MPs do not have to declare shares held in blind trusts, and Djanogly said he had made “all appropriate declarations”. He said he created the blind trust after he became a justice minister in 2010, and as a result none of the shares identified by the Guardian “were bought by me. Nor was the purchase nor my continued holding of them discussed between me and my managers.”

But the fact that Djanogly’s holdings are listed in shareholder registers under his own name and at an address owned jointly with his father suggests the trust cannot be truly “blind”. Companies regularly correspond with their shareholders to provide information about shareholder meetings, dividend payments and performance updates.

Djanogly did not dispute that the shares were in his name but said he did not pick up post from the property to which information about the shareholdings would have been sent.

The findings raise questions about much-criticised blind trust arrangements and whether they truly protect ministers with personal assets and wealth from real and perceived conflicts of interest.

There are no specific parliamentary or ministerial rules governing how a blind trust is set up and how one should be managed. The lack of clear guidelines means it is left to individual interpretation. Transparency campaigners have pointed out that a key flaw with blind trusts is that the beneficiaries have a degree of awareness about the assets that are in the trusts. At the very least they will be aware of what has gone into the trust at its creation.

When an MP or minister holds shares in a blind trust, they do not need to publicly disclose their existence, even if they are over the £70,000 threshold after which an MP is normally obliged to register them. Campaigners say this creates a transparency black hole.

Richard Murphy, a professor of accounting practice at Sheffield University management school, told the Guardian: “The difficulties with the blind trust is it isn’t publicly registered. We don’t know who created it, who the trustee is, how the accountability works.

“To exist as a blind trust we have to know it is properly functioning with appropriate Chinese walls between the beneficiary/settlor and the manager … But without that full disclosure of who is doing what, for who, how and when, we can’t be sure the blind trust is effective. Knowing these things is critical if blind trusts are to continue to be a part of our political system.”

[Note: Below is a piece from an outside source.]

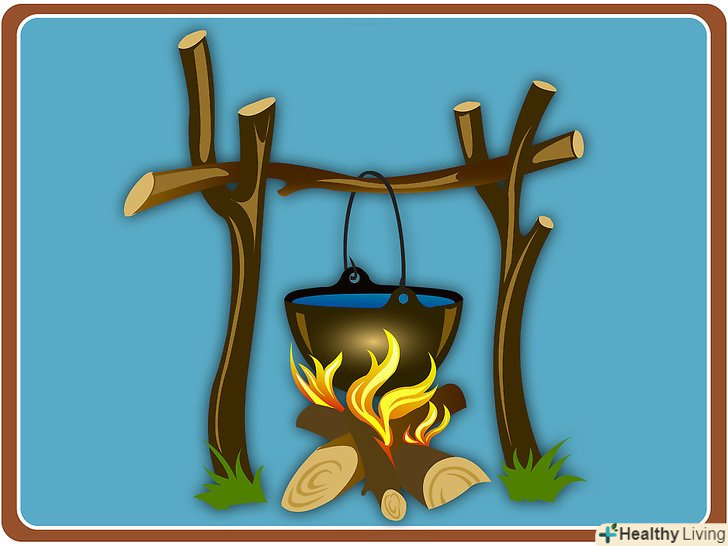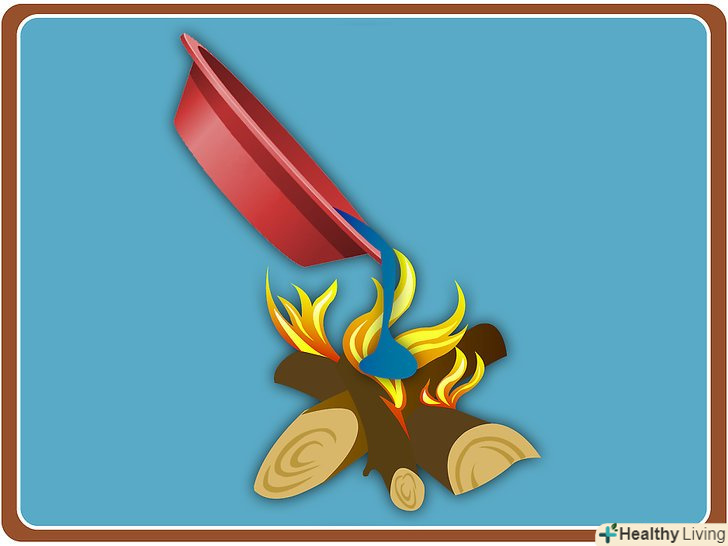 Віднесіть котел з водою за 60 метрів від вашого табору або річки, а потім виплесніть її на відкрите місце або залийте цією водою багаття.

Djanogly registered shareholdings in FTSE 100 companies in the past including Barclays, Lloyds, Shell and Tesco in 2002. He kept his shares on his register of interests until 2010 when he became a minister and moved them into a blind trust.

Do you have information about this story? Email henry.dyer@theguardian.com, or (using a non-work phone) use Signal or WhatsApp to message +44 7584 640566.

Dr Daniel Beizsley, a Spotlight on Corruption policy consultant, said: “Blind trusts can only work if MPs are truly ‘blind’ to their contents. If MPs are able to track the performance of their financial interests from company disclosures then this is clearly not the case.”

Since last October, Djanogly has been on the public accounts committee. Any awareness by Djanogly of his shareholdings could risk a conflict of interest given that the committee scrutinises government expenditure and regularly deals with matters concerning commercial companies.

For example, the committee is currently reviewing progress on the emergency services network, which is using network infrastructure from EE, part of BT Group. Djanogly has questioned officials working on the project. He has shares worth more than £40,000 in the company.

“I maintain that I have made all appropriate declarations to the register of members’ interests and the public accounts committee,” he said.

He added that he was “taking advice on what I do or do not need to declare” now that he had been made aware of the fuller details of his financial interests.